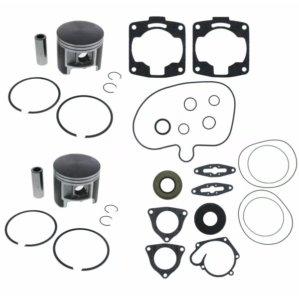 - Includes (2) pistons, rings, wrist pins, circlips, caged wrist pin needle bearings, and a complete gasket kit that includes crank seals.
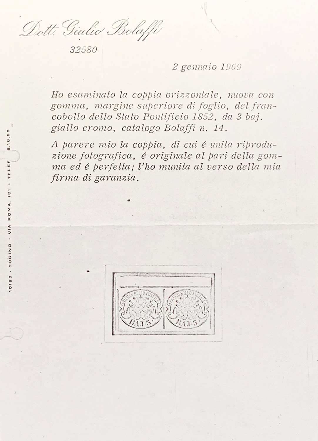 1854 - 3baj bistre orange upper sheet margin from "PONTECORVO", Papal States enclave Borbonico territory, to Roma, with oval postmark exceptionally used as only cancel on the stamps, and repeated at the back. Great rarity. Cert. E.Diena, Bottacchi and Mario Mentaschi postal report (Sassone 4+pt.R3 - Euro 52.500) (Image 1)(Image 2)(Image 3)(Image 4)(Image 5)(Image 6)
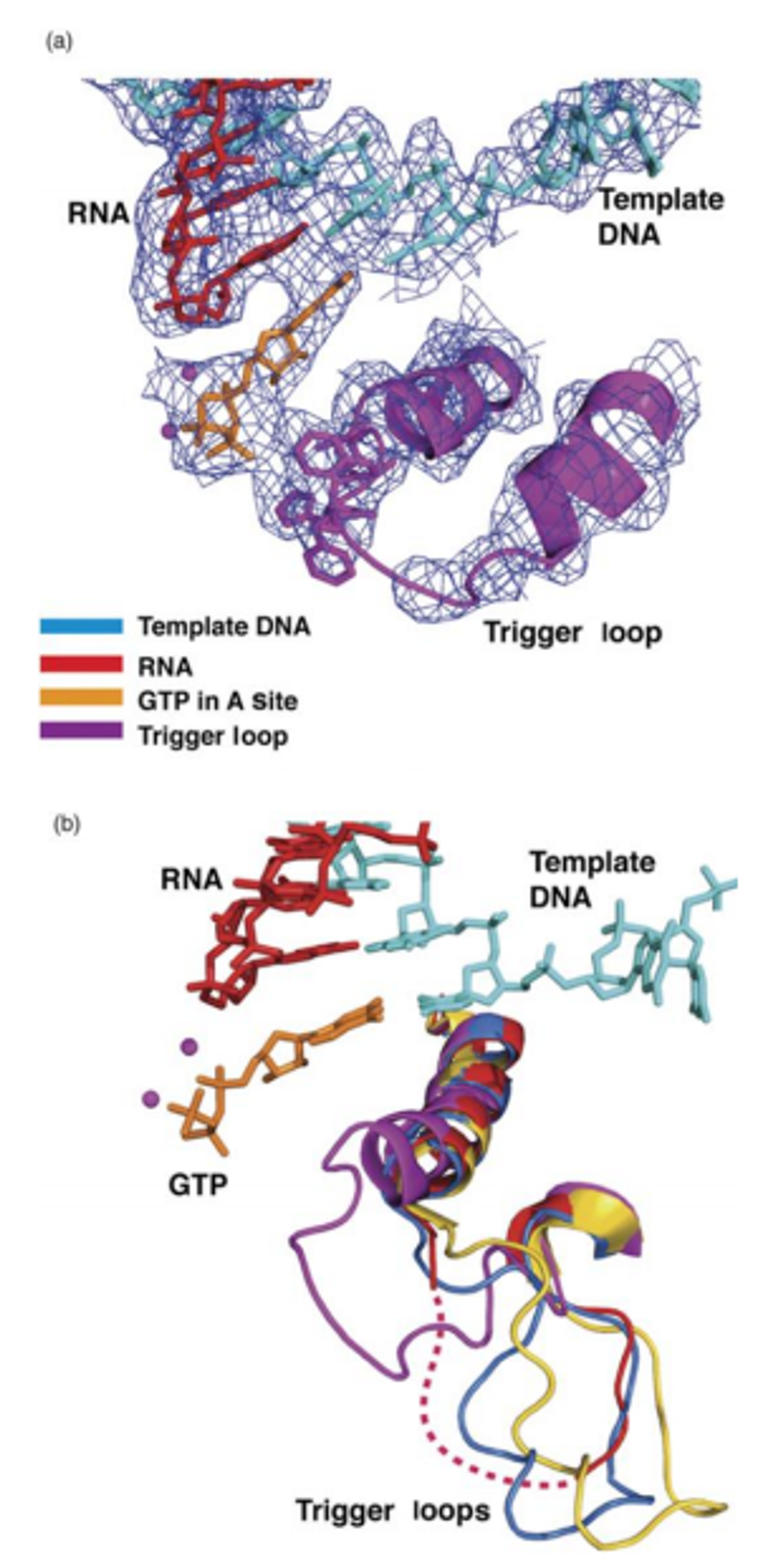 위 그림의 아랫부분에 색깔별로 trigger loop의 다양한 모양이 나타나 있음. 이 중 template DNA와 상보적인 nucleotide(이 경우에는 GTP)가 들어왔을 때에 비로소 trigger loop이 가장 안정적인 형태로 전환되게 됨. (위 그림상의 보라색 구조와 같이 마치 품어주는듯한 구조를 형성하게 됨)
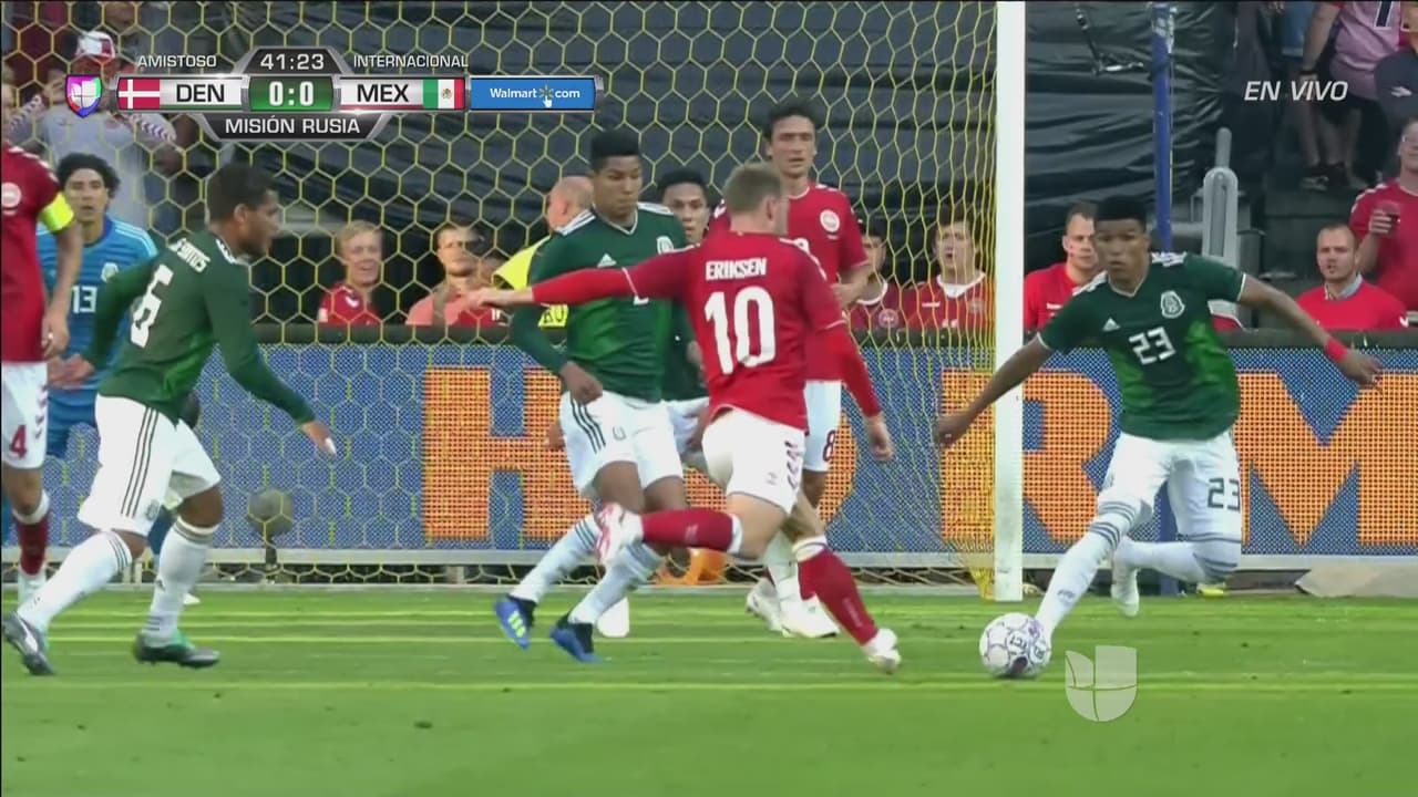 Eriksen sacó un derechazo que apenas salió desviado… se salvó México
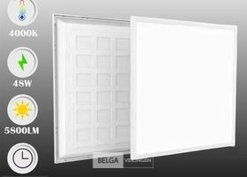 16 x LED-paneel 45W – 60 × 60 cm – 4200K – Super ECO – Wattage: 45W, Lichtopbrengst: 3375 lm, Kleurtemperatuur: 4200K (Neutraal wit), Spanning: 175–265 V AC / 50–60 Hz, LED-type: SMD LED, Kleur: Wit, Beschermingsgraad: IP20 (droge binnenruimtes), Lichtspreidingshoek: 120°, Afmetingen: 595 × 595 × 35 mm, Detail: Backlight paneel, Levensduur: ± 20.000 uur – IRC: >80 Ra – LED-type:SMD – Beamhoek: 120° – Inclusief transformator – Efficiënte en gelijkmatige lichtverdeling – Super ECO, energiezuinig en milieuvriendelijk ontwerp – Geschikt voor gebruik binnenshuis.
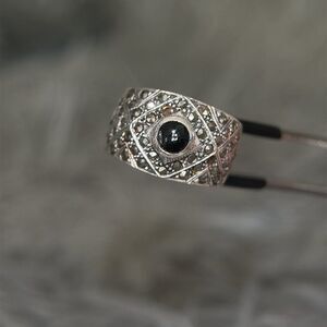 Sterling Silver 925 Onyx/Marcasites Ring.
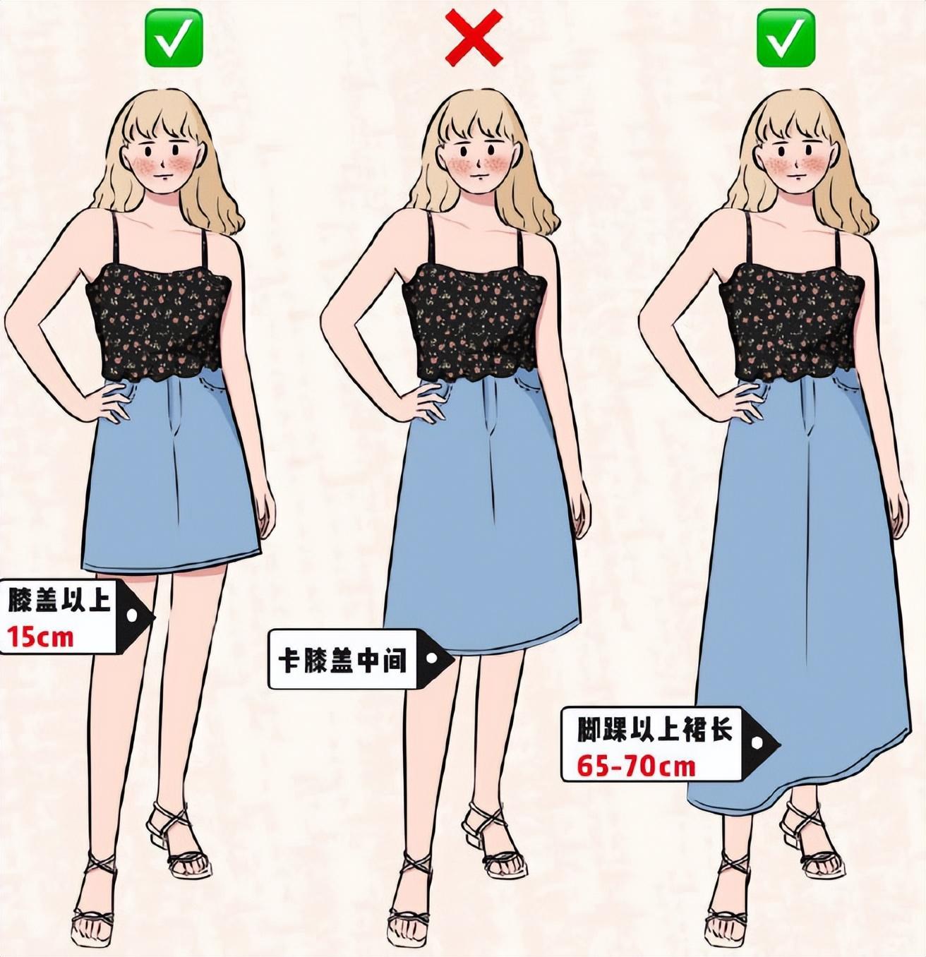 穿好顯高比例,對於下裝的長度,請一定控制好。要么膝蓋以上、要么小腿最細處,最忌諱不長不短的中間位置。
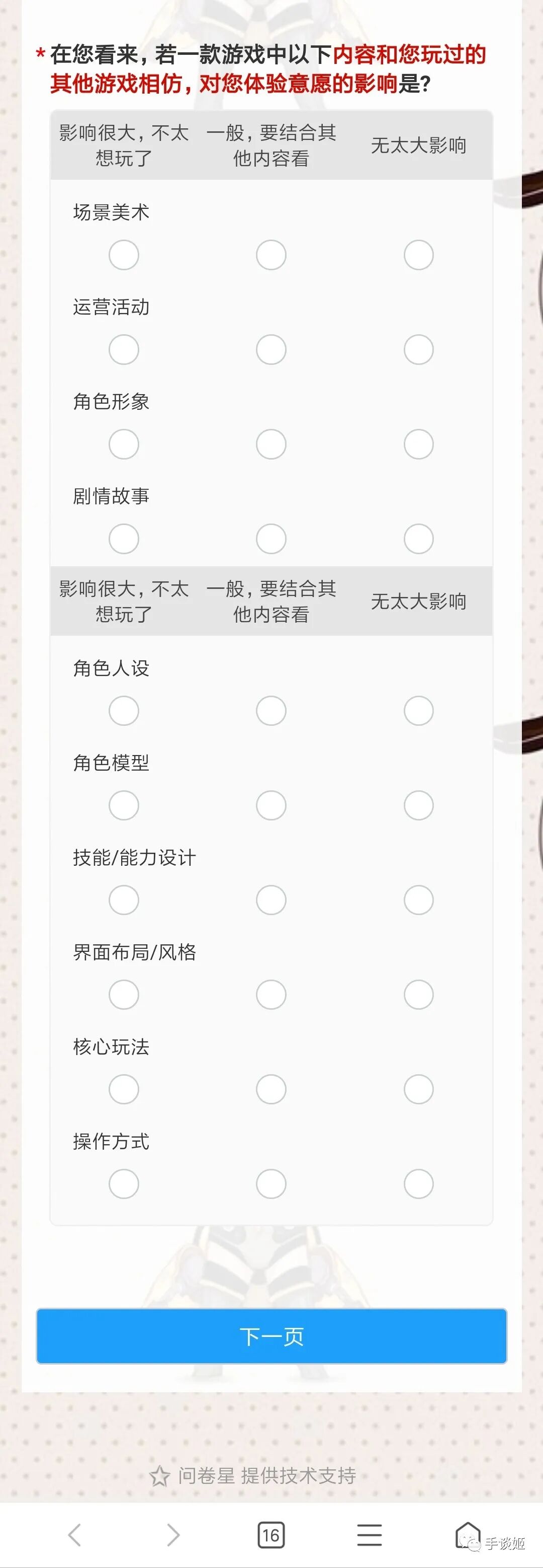 不过这游戏的操作不止于此,《代号:bee》的官方出过一套调查问卷,直接对标了《战双》,几乎是明着告诉玩家自己的游戏要照着《战双》的样子做,问相似度高了的话是否介意。

- **DESCRIPTION OF THE TASK**
From the material above, reproduce only what runs from the line holding "위 그림의 아랫부분에" down to the line holding "穿好顯高比例,對於下裝的長度", both included, pictures excluded.

- **OUTPUT FOR THIS TASK**
 위 그림의 아랫부분에 색깔별로 trigger loop의 다양한 모양이 나타나 있음. 이 중 template DNA와 상보적인 nucleotide(이 경우에는 GTP)가 들어왔을 때에 비로소 trigger loop이 가장 안정적인 형태로 전환되게 됨. (위 그림상의 보라색 구조와 같이 마치 품어주는듯한 구조를 형성하게 됨)
 Eriksen sacó un derechazo que apenas salió desviado… se salvó México
 16 x LED-paneel 45W – 60 × 60 cm – 4200K – Super ECO – Wattage: 45W, Lichtopbrengst: 3375 lm, Kleurtemperatuur: 4200K (Neutraal wit), Spanning: 175–265 V AC / 50–60 Hz, LED-type: SMD LED, Kleur: Wit, Beschermingsgraad: IP20 (droge binnenruimtes), Lichtspreidingshoek: 120°, Afmetingen: 595 × 595 × 35 mm, Detail: Backlight paneel, Levensduur: ± 20.000 uur – IRC: >80 Ra – LED-type:SMD – Beamhoek: 120° – Inclusief transformator – Efficiënte en gelijkmatige lichtverdeling – Super ECO, energiezuinig en milieuvriendelijk ontwerp – Geschikt voor gebruik binnenshuis.
 Sterling Silver 925 Onyx/Marcasites Ring.
 穿好顯高比例,對於下裝的長度,請一定控制好。要么膝蓋以上、要么小腿最細處,最忌諱不長不短的中間位置。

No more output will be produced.